1. Mathematical Formalism of Control-Theoretic Guidance

At the core of guided diffusion models is the interpretation of the reverse denoising process as a controlled stochastic dynamical system. In continuous time, consider the forward SDE:

$dX_t = f(t, X_t)dt + g(t)dW_t, \quad X_0 \sim p_0,$

and its corresponding score-based reverse-time SDE:

$dY_t = \left[ f(T-t, Y_t) + g^2(T-t)s_t(Y_t)\right]dt + g(T-t)d\overline{W}_t,$

where $s_t(x) = \nabla_x \log p_t(x)$ is the score function at noise level $t$ (Jiao et al., 4 Dec 2025). The guidance objective is to modify the generative process to sample from a reward-weighted target measure, such that for a terminal reward $r^{\mathrm{ext}}(x)$ , the new data distribution is

$p^{\mathrm{rw}}_0(x) \propto r^{\mathrm{ext}}(x) p_0(x).$

The induced control law for the reverse SDE is to inject a drift

$g_t(x) = \nabla_x \log p_t^{\mathrm{rw}}(x) - \nabla_x \log p_t(x),$

yielding the guided SDE:

$dY_t^w = \left[ f(T-t, Y_t^w) + (1-w)s_t(Y_t^w) + w s_t^{\mathrm{rw}}(Y_t^w) \right] dt + g(T-t)d\overline{W}_t,$

where $w$ interpolates between the unguided model and the reward-weighted drift (Jiao et al., 4 Dec 2025).

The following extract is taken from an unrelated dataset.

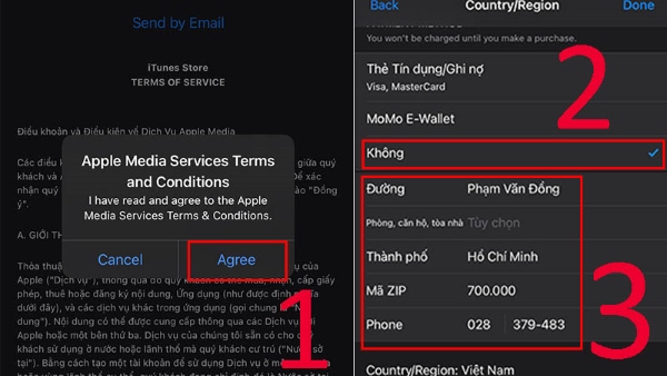 Bước 5: Sau đó bạn chọn quốc gia muốn chuyển là Việt Nam và chọn nút Đồng ý 2 lần rồi nhấn Tắt Cài đặt là đã hoàn thiện cách chuyển vùng App Store trên iPhone về Việt Nam.

Guidance can be implemented in discrete-time DDPMs analogously, by convexly combining the predicted scores of the base and reward-weighted models at each step (Jiao et al., 4 Dec 2025, Nuti et al., 2023).

2. Extraction and Use of Reward Potentials

When explicit reward functions are not given, relative reward functions can be extracted by comparing the scores of an expert (high-reward) diffusion model $s_\Theta(x, t)$ and a base (low-reward) model $s_\phi(x, t)$ :

$h_t(x) = s_\Theta(x, t) - s_\phi(x, t).$

The existence and uniqueness of a conservative field, i.e., a potential function $\rho(x, t)$ such that $\nabla_x \rho(x, t) \approx h_t(x)$ , is established as the L²-projection onto smooth gradients (Nuti et al., 2023). This potential can be learned via gradient alignment:

$\min_\theta \, \mathbb{E}_{t, x_t} \left\| \nabla_x \rho_\theta(x_t, t) - [s_\Theta(x_t, t) - s_\phi(x_t, t)] \right\|_2^2.$

Once learned, $\nabla_x \rho_\theta$ can be injected as a guidance term via classifier-like gradient shaping in the reverse diffusion process (Nuti et al., 2023).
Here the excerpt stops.